An Orange County group forwards profits from a dessert sale to President Bush, telling him not to eliminate groceries for seniors.

April 01, 2006|Jennifer Delson | Times Staff Writer

Workers at an Orange County food bank had anything but sweet talk for President Bush on Friday as they sold desserts with such names as "Upside Down Priority Cake," "Fib Newtons," and "Double Cross Buns" to protest proposed cuts to a federal food program for the elderly.

Food bank officials, usually surrounded by cans of meat and boxes of cheese, cooked up tastier fare prepared with a pinch of satire for their "budget bake sale" in front of a Stanton big box retailer.
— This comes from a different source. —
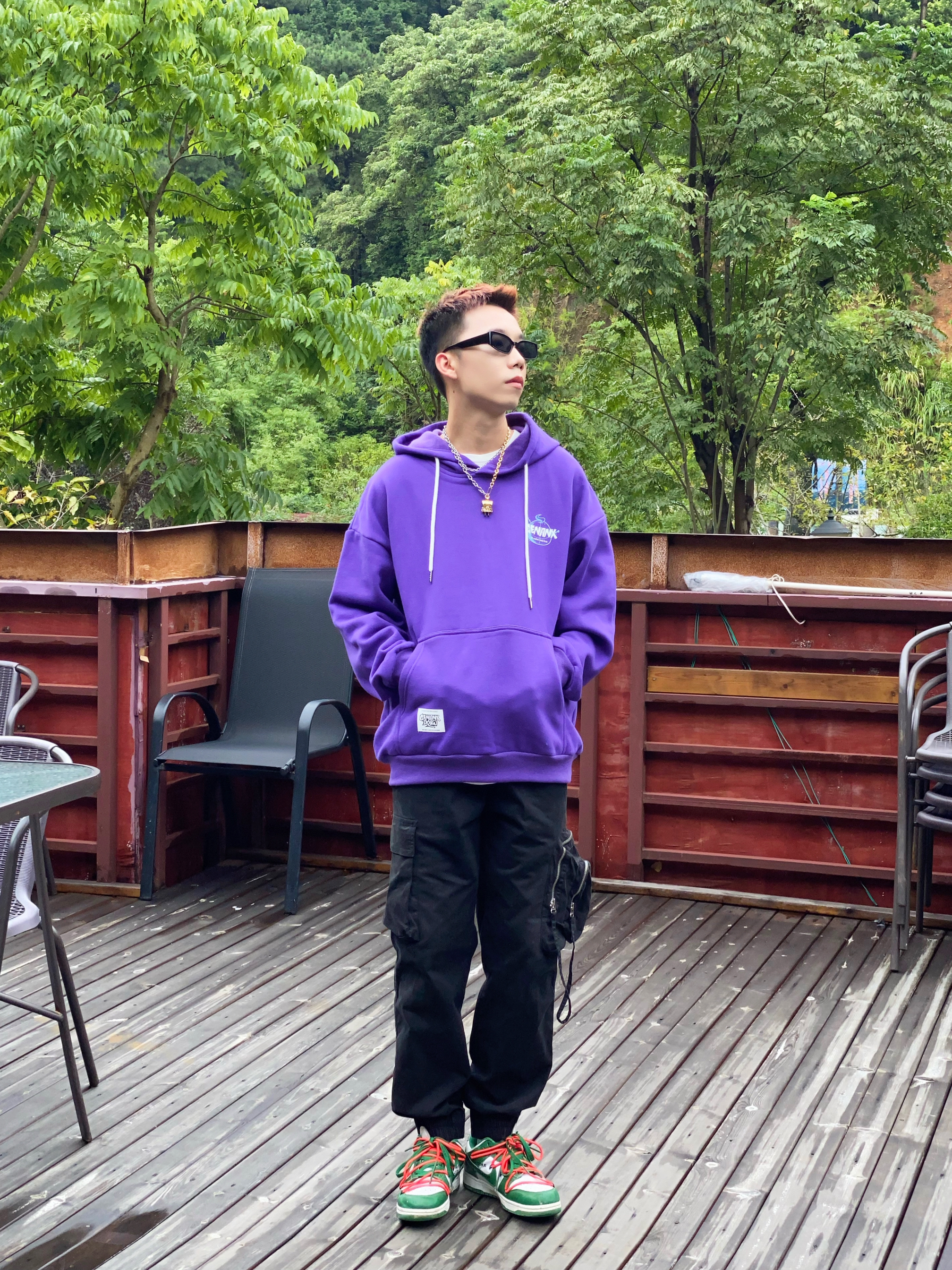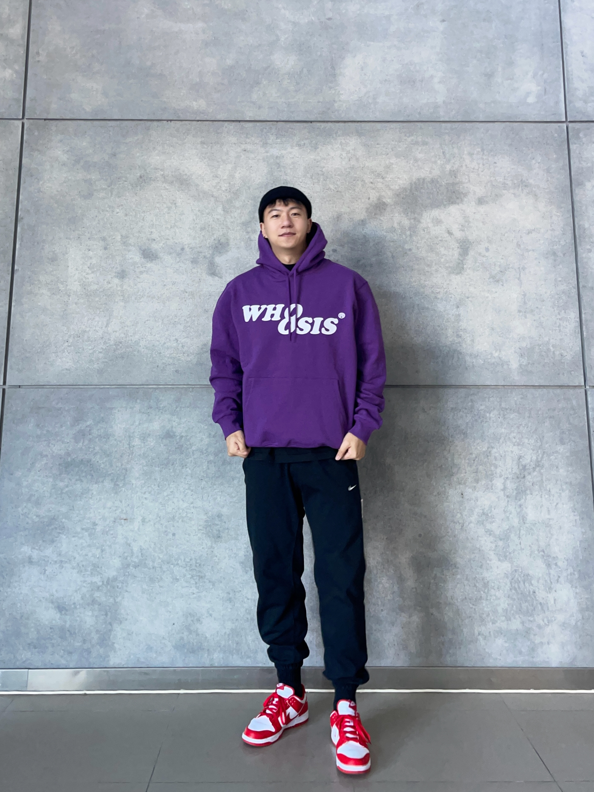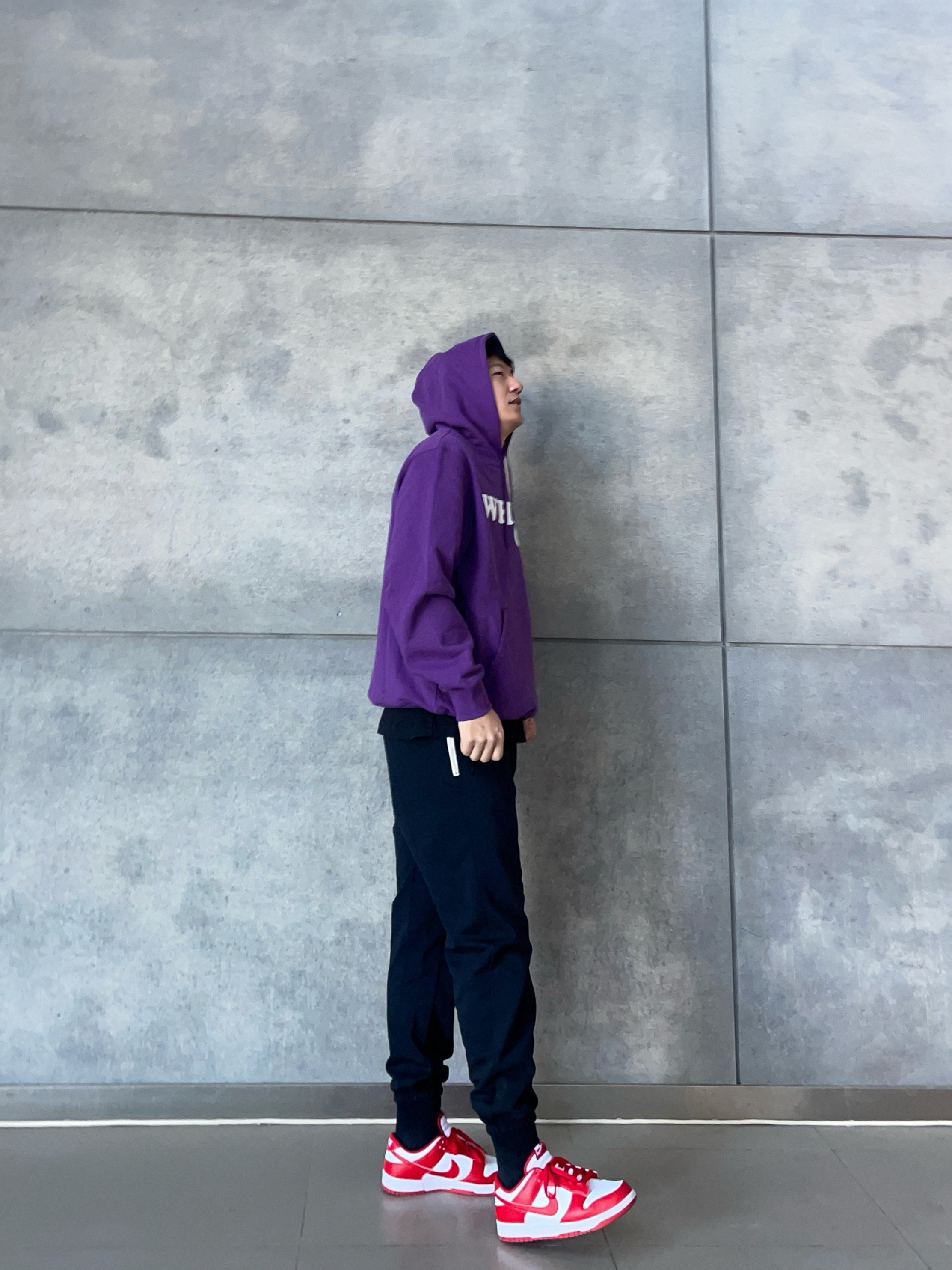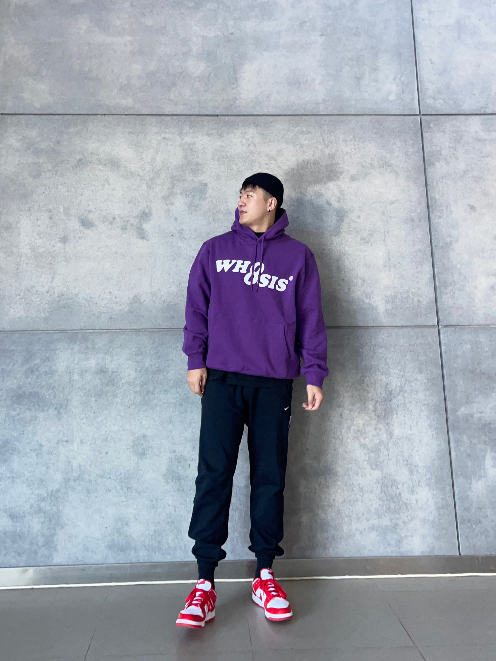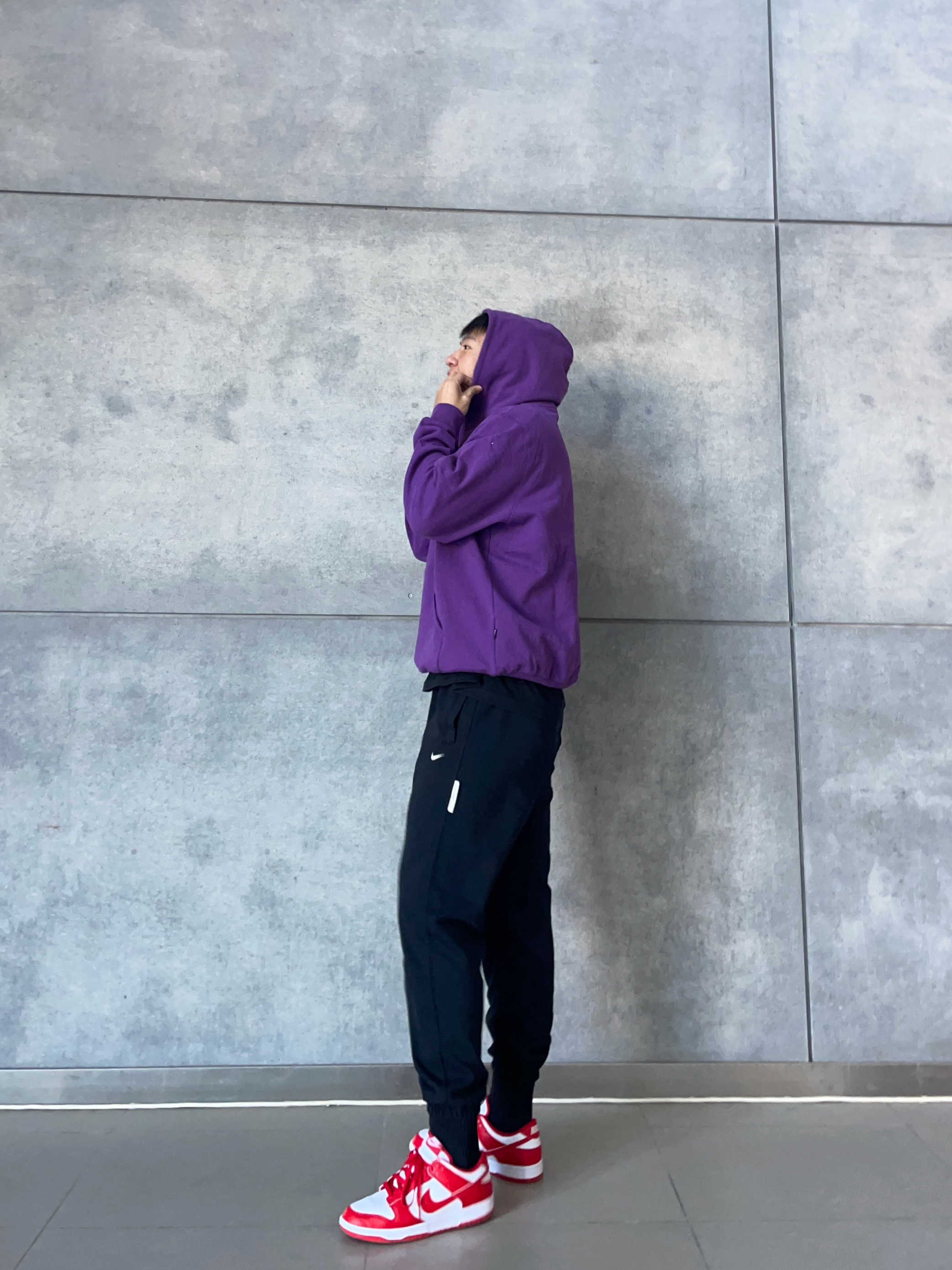 💜卫衣超帅 紫色重磅卫衣,oversize版型+复古字母印花, 秋冬叠穿不臃肿💥 显白又自带慵懒滤镜~ 🖤束腿卫裤 Nike经典束脚卫裤, 运动or出街都可以~ 👟Dunk红白 红白经典撞色+加厚鞋舌, 复古校园感拿捏👌 📸【搭配公式】 美式街头混搭校园感, 日常上课/炸街回头率稳了~ 👦🏻:188 | 85 🧥:XXL 👖:XXXL

Items for sale also included "Political Tarts," "Flaky Policy Pie," "Pennywise Pound Foolish Pie," "Social Security Rolls" and "Program Crumbles."
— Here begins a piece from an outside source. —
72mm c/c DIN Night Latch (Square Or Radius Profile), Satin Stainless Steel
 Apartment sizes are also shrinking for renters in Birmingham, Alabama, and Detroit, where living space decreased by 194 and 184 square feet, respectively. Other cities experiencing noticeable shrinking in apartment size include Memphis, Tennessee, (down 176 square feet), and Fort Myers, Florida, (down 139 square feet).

"The names are funny, but this is really no joke," said Mark Lowry, food bank director at the Community Action Partnership of Orange County in Garden Grove.

Lowry said the president's proposed 2007 budget would eliminate a monthly box of food for 24,000 needy seniors in Orange County alone.

"The program the president wants to cut is sometimes the [primary] source of food for many seniors in Orange County and elsewhere," said Jerry Sanders, food bank manager.

The food bank will send the $60 in proceeds from the sale to the White House with a message for Bush and legislators who are considering the president's budget.

The president has proposed eliminating the food box program, which costs $112 million annually, because its recipients can get food stamps, said Jean Daniel, spokeswoman for the U.S. Department of Agriculture.

But Sanders said many seniors were unlikely to apply for food stamps, and those who receive Social Security income don't qualify for the stamps in California, though they can get a small boost in their monthly checks in lieu of the stamps, if they would otherwise qualify for them.

Most stopping for treats Friday in Stanton were unaware of the pending cuts, but were quick to opine anyway.

"This government wants us to stay in Iraq while people in America have problems getting food," said Brad Granger of Fountain Valley.

Debbie Upton donated $10. Her stepfather, a disabled truck driver who gets a Social Security check, is a program recipient. "These boxes mean a lot to him," said Upton, who loaded her car with two "Social Security Rolls" next to his box of canned meat, cereal and cheese she had picked up earlier.